Granted, when Watt did it the show was over and fans had mostly cleared out, and the former Minuteman was really only swapping his sweat-soaked stage flannel for a drier shirt to wear in the van. He and his partners in plaid — guitarist Tom Watson and drummer Raul Morales, who made up the Missingmen — had just ripped through 30 rapid-fire songs in 45 minutes and then played a frenzied encore of classic Minutemen tunes.
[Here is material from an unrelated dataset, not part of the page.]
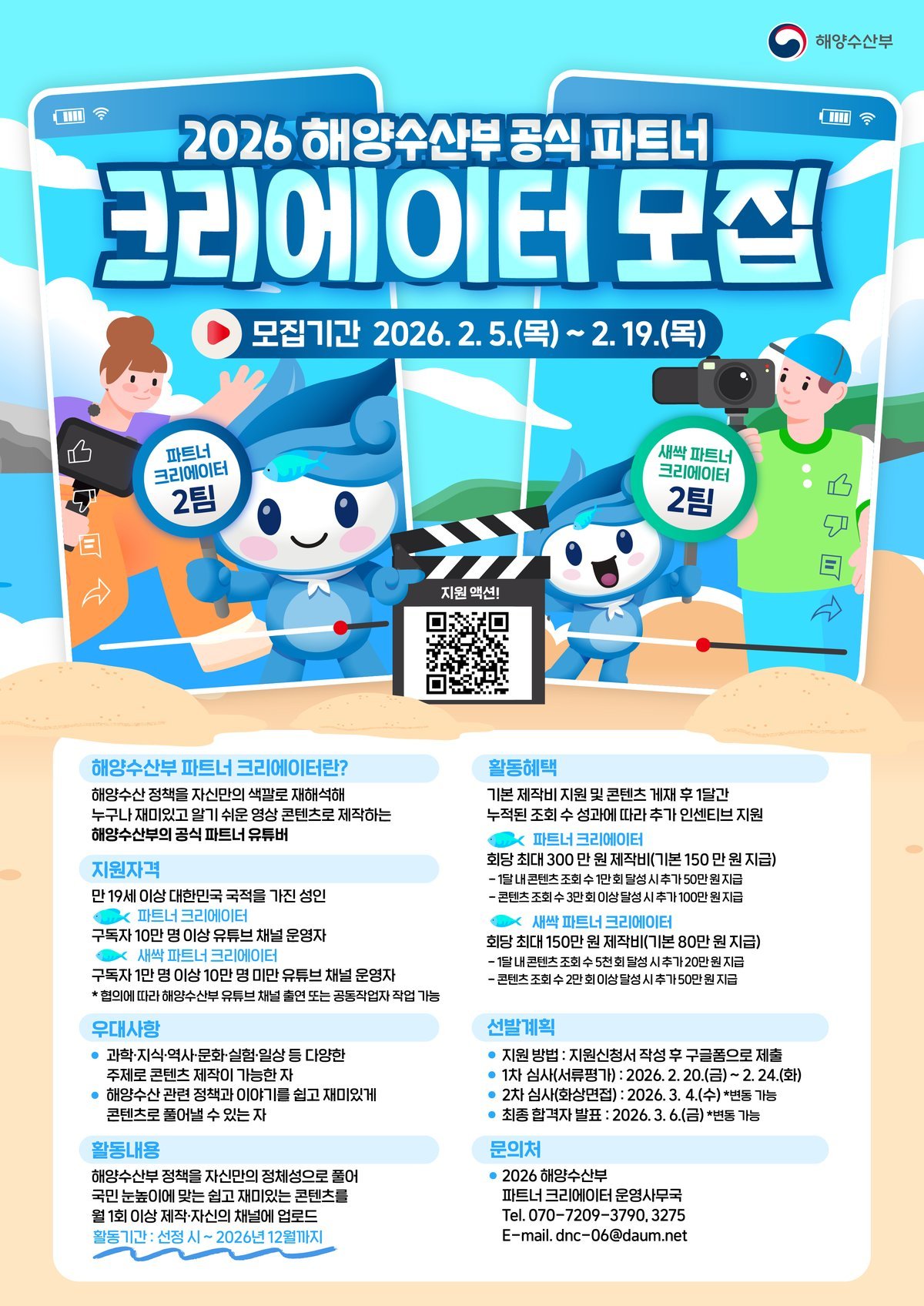 [한국Q뉴스] 해양수산부는 2026년 한 해 동안 해양수산 정책을 국민 눈높이에 맞춰 쉽고 재미있게 전달해 줄 ‘2026 해양수산부 공식 영상 협력 제작자’를 2월 5일부터 2월 19일까지 모집한다고 밝혔다.

The main set — after the Last Conspirators primed the packed crowd with some high-energy, old school punk tunes — was a by-the-song recreation of Watt’s latest and third rock opera, Hyphenated-Man, released as an album in 2010. Watt has called the piece — loosely influenced by the fevered works of Dutch painter Hieronymus Bosch — one big song with 30 parts. So playing it all in consecutive, non-stop order was important.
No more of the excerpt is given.